MAIN POINT COMING UP: 4. It appears and this is the critical point that Sections 2 and 3 apply only when the "filling" up of the bottle or the "use" of the bottle is "without the written permission" of the "registered manufacturer, bottler, or seller," who has registered the marks of "ownership" of the bottles. It is thus implicit that Sections 2 and 3 apply only when the "registered manufacturer, bottler, or seller" retain ownership of the bottles.
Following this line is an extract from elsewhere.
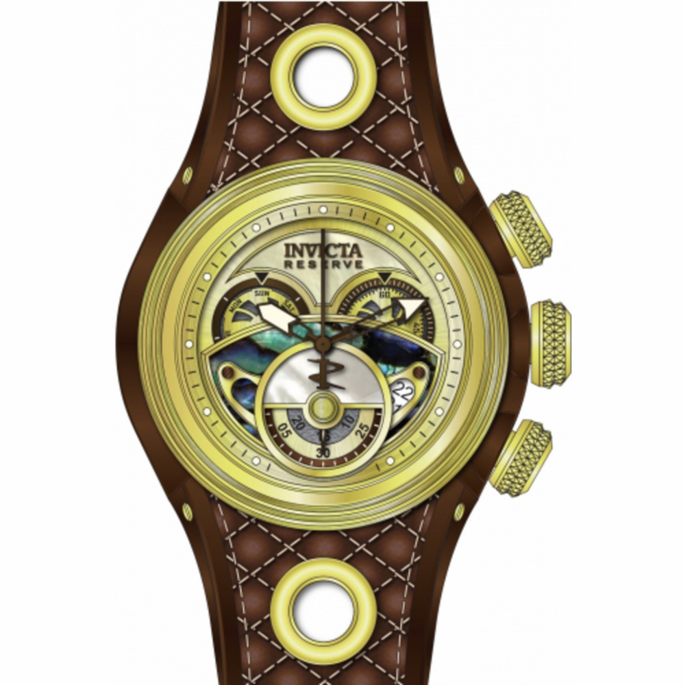 Brown and gold plastic and stainless steel case with a brown and gold leather and silicone and stainless steel strap. Fixed gold-tone stainless steel bezel. Gold and champagne and brown and white and blue dial with index hour markers. Minute markers around the outer rim. Dial Type: Analog. Date display between 4 and 5 o'clock position. Three sub-dials displaying: day, 60 second and 30 minute. Ronda Caliber Z60 quartz movement. Scratch resistant Flame Fusion crystal. Screw down crown. Solid case back. Round case shape, case size: 43.5 mm, case thickness: 17.8 mm. Band width: 26 mm, band length: 8.25 inches. Buckle clasp. Water resistant at 200 meters / 660 feet. Functions: chronograph, date, day, hour, minute, small second. Reserve Series. Casual watch style. Watch label: Swiss Movt. Invicta Reserve Chronograph Quartz Mens Watch 38878.

Upon the other hand, when the bottles have been "transferred by way of sale," Section 5 applies, thereby precluding the institution of any action "under this Act," meaning to say, any action under Sections 2 and 3. a. Since the Court has found that the bottles have been transferred by way of sale, then La Tondea has relinquished all its proprietary rights over the bottles in favor of Distilleria Washington who has obtained them in due course. Now as owner, it can exercise all attributes of ownership over the bottles.

b. c.

This is the import of the decision that La Tondea had transferred ownership over its marked bottles or containers when it sold its gin products to the public. While others may argue that Section 5 is applicable only to the immediate transferee of the marked bottles or container, this matter is best discussed where the applicability of Sec. 5, R.A. 623 is squarely raised. It must be recalled, however, that this is a case of replevin, not a violation of the "trademark protection of the registrant" under R.A. 623 or of the Trademark Law.